Three Surprises This Holiday Sales Season

David Reavill
4 min readNov 29, 2022
Holiday Shopping

Have you done your Christmas shopping yet? It always takes me a while to start going up and down the shopping aisles.

Paseo Nuevo in Santa Barbara is my favorite place to shop for the holidays. First, a cup of coffee from the Coffee Bean, then off to Nordstrom’s for those unique gifts, and if you can’t think of anything else, there’s always See’s Candies.

This year three surprising trends are emerging in our holiday shopping trends. As you know, we’ve just completed the four busiest shopping days of the year. It began with Black Friday, so named because this was the time that traditional retailers were supposed to turn a profit. Hence their red ink turned black. The extended weekend ended yesterday with Cyber Monday when those online retail shops offered special deals and hopefully raked in lots of sales.

The conventional view is that internet retail is the future trend, and everyone is going in that direction. Most assume that online sales are expanding rapidly and will soon outpace traditional brick-and-mortar stores if they haven’t already. But those online sales provide us with our first surprise of the season.

The reality is very different. Online shopping did have a big boost when the Covid Pandemic struck. Many preferred to stay at home rather than visit their favorite stores. Online shopping jumped in 2021 and 2022. But not this year. Online sales are projected only to increase about 1% over last year, increasing e-commerce sales to just 28% of the total. Or, to put that another way, three-quarters of us will prefer to shop at a traditional store where we can select our items right off the shelf.

And the 1% gain in online sales is far below the current inflation rate. It looks like the luster is coming off online shopping.

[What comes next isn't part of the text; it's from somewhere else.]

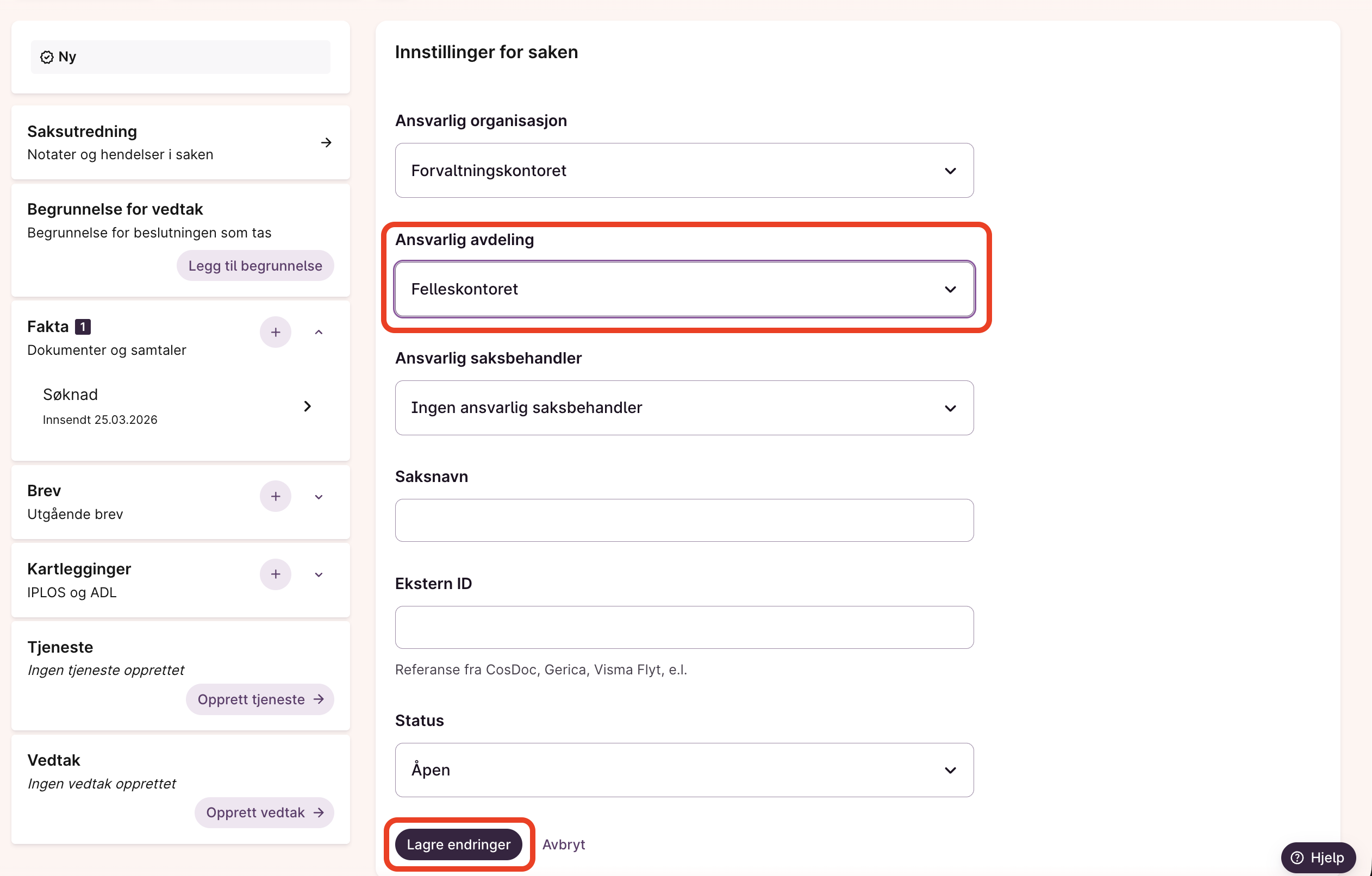 Er du usikker på hvem som skal behandle saken, kan du sette ingen valgt i feltet for saksbehandler. Da kan avdelingen eller organisasjonen fordele saken senere.

The second surprise from our Holiday Shopping is the minimal effect Covid had the last two years. Now, we’re far enough removed to see that Holiday sales increased substantially in the two years of Covid. In 2020, the first full year of Covid, Holiday Sales increased by over 9%. A very healthy increase indeed. And remember, 2020 was a year of meager inflation, so this is a pretty accurate reading on Holiday Sales.

But if 2020 was a pretty good year, 2021 was spectacular. Holiday Sales in 21 are up by over 13%. Outstanding. It was the year of the stimulus checks, which accounted for some spending. But all in all, two back-to-back excellent holiday sales years.

This year the National Retail Federation expects that Holiday Sales will hit a record, up 6 to 8% over last year. Ordinarily an excellent performance consistent with the 20-year history of Holiday Sales going back to 2002.

However, for 20 years, the country had little or no inflation, averaging roughly 2% annual inflation or less. This year’s inflation is currently climbing at better than 7%. So this year’s Holiday Sales gain will be approximately equal to inflation. Meaning retailers will be making little or no real, after inflation, profit.

In looking at holiday Sales, it is clear that Americans will continue to shop even when a pandemic strikes, and the retailers can survive even with escalating inflation.

However, there was one time when Holiday Sales dropped for the year. And that was during the 2008 Recession. Recessions are the one thing that can knock Holiday Sales for a loop. In 2008 Sales were down nearly 5%, the only time that has happened in the last 20 years.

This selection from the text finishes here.